If we subscribe to the notion that our lives are inevitably entangled in the lives of others, that we have an effect upon the world that we inhabit by our actions, our words and even our posture, then we must become responsible to said actions, words and posture. Cultivation of oneself and one’s own abilities is certainly an asset, but in these dark times, betterment must be achieved through action and in concert with others. What matters now is the encounter and one’s dedication, with all of its inherent vulnerabilities and misunderstandings. What matters is to unlearn and to learn again together; to meet; to commit to one another and to the enterprise at hand. We must engage in these collective actions so that we may have a future.

What you pay attention to, opens up. And paying attention, truly paying attention, is an act of dedication to the moment. There is a sacredness in the act of dedication, in the act of giving over, in the act of devotion. Understanding how deeply our lives are entwined, I recognize that I my actions are ultimately for others. The theater has the potential to act against isolation.

Dedication suggests commitment, wholeheartedness, enthusiasm, staying power, backbone, purposefulness, conscientiousness, perseverance, tenacity.

Dedication is love

Devotion.

Consistency.

Dedication is passion

Dedication keeps one from quitting.

Dedication is about time. You have to spend a lot of time immersed in what you are dedicated to.

Dedication is about giving yourself over to something outside of yourself.

Dedication is practice and requires practice.

Dedication is responsibility, responsiveness and aliveness. One’s body and mind must be up to full potential in order to do what you are dedicated to.

Dedication is adherence, loyalty, consecration and yes, devotion.

I am the means and not the end. I am the food and not the life.

(E. M. Forrester)

I enjoy directing opera. I find that, in opera, I can join body, mind, emotions and instincts to help carve out a world in which the music can live and be embodied. Having had the pleasure of working with some significant figures in the field of music and opera, I have found that generally the greater the artist, the less ego they tend to inflict upon the process. Mstislav Rostropovich, the celebrated Russian cellist and conductor, for example, conducted the opera Nicholas and Alexandra by Deborah Drattell that I directed at the Los Angeles Opera in 2004. By the time that I worked with him he had already reached a rather advanced age. But to me he seemed filled with both light and delight. In some ways he was like a child, filled with the enthusiasms of the moment. “Call me Slava,” he said repeatedly when I tried to say “Maestro.” I wonder if his dedication to music allowed him to exist in this way. It seemed to me that so much music had passed through him, through his body and senses, that there was simply no huge ego left.
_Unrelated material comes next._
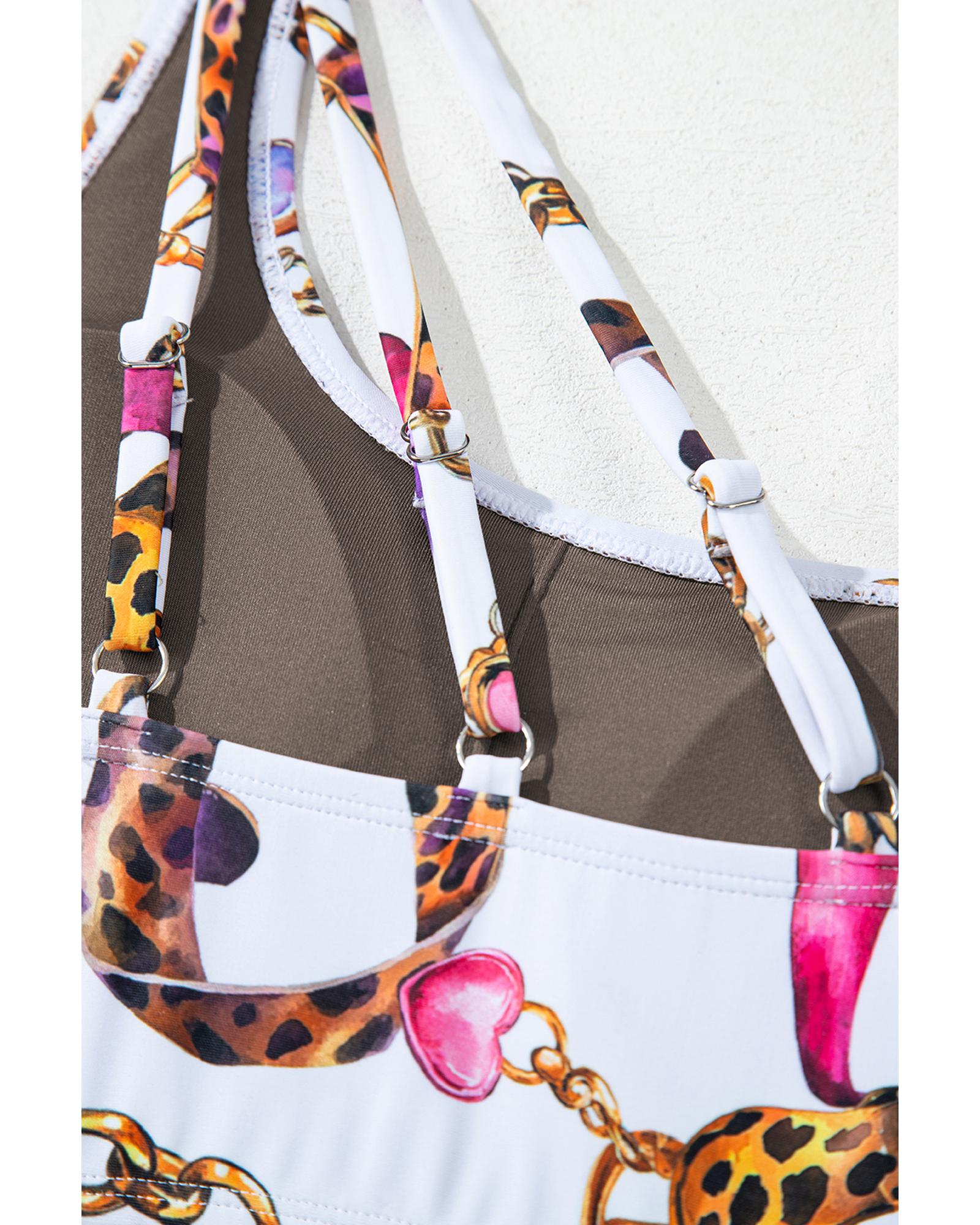 Khaki Abstract Print One Shoulder Ring Linked High Waist Bikini – M

Please do not misunderstand me. I believe that an effective artist must simultaneously have a huge ego and no ego at the same time. The ego is meant to drive a stake into the ground and stay the course, stay committed. But then no ego allows the music to flow and frees up actions that are in concert with the universe.

I have found that the greatest obstacle to dedication turns out to be my “self,” my fear of losing myself, my fear of failure, of things falling apart. How can I surrender myself when my “self” is perhaps simply the biological urge to hold on, to cling, to cling to life, to continue to survive? But by clinging to myself I may strangle myself.

In cultivating dedication, here is what I tell myself:

Plunge headlong into what you are doing. Erase the boundaries. Let go.

Start before you are ready.

Starting creates momentum. There is always a reason not to begin, not to start, not to pull the trigger. But starting allows me to encounter the obstacles that will ultimately help me to get out of my own way.

Send whatever comes your way back out. Send it back out again actively, muscularly and with feeling. Dedicate.